** TASK INPUT **
::::::
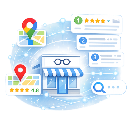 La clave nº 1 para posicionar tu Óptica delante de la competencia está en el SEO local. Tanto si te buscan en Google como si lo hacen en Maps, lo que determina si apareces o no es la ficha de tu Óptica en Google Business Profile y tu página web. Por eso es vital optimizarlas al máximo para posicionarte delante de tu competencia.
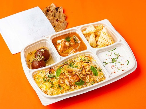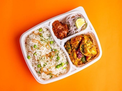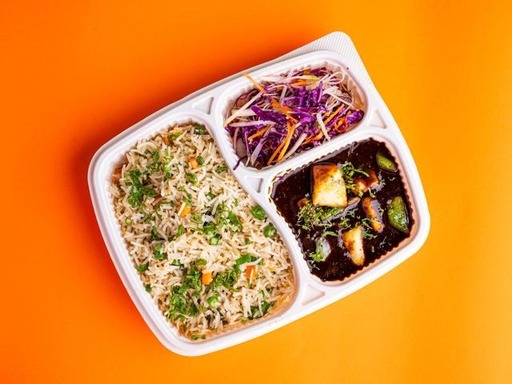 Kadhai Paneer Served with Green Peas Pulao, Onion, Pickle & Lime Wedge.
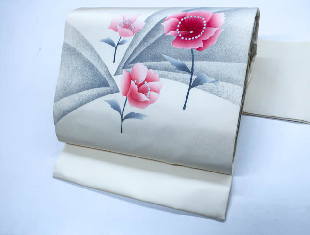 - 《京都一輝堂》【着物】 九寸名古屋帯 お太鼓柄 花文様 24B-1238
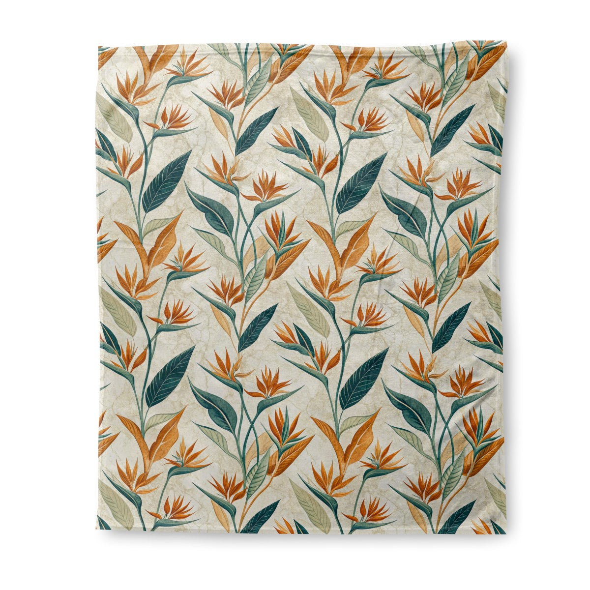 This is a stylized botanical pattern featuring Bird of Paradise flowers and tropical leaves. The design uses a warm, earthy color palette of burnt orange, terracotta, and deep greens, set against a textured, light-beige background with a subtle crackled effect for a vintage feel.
::::::
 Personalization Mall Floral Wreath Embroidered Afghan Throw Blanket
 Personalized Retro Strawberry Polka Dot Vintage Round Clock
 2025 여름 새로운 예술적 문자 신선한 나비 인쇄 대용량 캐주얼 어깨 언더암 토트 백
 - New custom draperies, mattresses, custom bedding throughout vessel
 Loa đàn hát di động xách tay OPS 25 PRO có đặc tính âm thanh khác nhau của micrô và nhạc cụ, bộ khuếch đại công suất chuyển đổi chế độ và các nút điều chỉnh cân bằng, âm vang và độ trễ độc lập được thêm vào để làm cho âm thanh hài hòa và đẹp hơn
::::::
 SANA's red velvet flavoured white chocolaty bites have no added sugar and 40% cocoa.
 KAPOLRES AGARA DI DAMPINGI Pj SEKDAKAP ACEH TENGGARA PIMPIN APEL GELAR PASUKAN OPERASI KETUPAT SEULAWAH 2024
::::::
** PROBLEM DESCRIPTION **
Range to print from the listing above: from the line with "La clave nº" up to and including the line with "This is a stylized". Please print those lines exactly, with no pictures and nothing more.

** OUTPUT FOR THIS EXERCISE **
 La clave nº 1 para posicionar tu Óptica delante de la competencia está en el SEO local. Tanto si te buscan en Google como si lo hacen en Maps, lo que determina si apareces o no es la ficha de tu Óptica en Google Business Profile y tu página web. Por eso es vital optimizarlas al máximo para posicionarte delante de tu competencia.
 Kadhai Paneer Served with Green Peas Pulao, Onion, Pickle & Lime Wedge.
 - 《京都一輝堂》【着物】 九寸名古屋帯 お太鼓柄 花文様 24B-1238
 This is a stylized botanical pattern featuring Bird of Paradise flowers and tropical leaves. The design uses a warm, earthy color palette of burnt orange, terracotta, and deep greens, set against a textured, light-beige background with a subtle crackled effect for a vintage feel.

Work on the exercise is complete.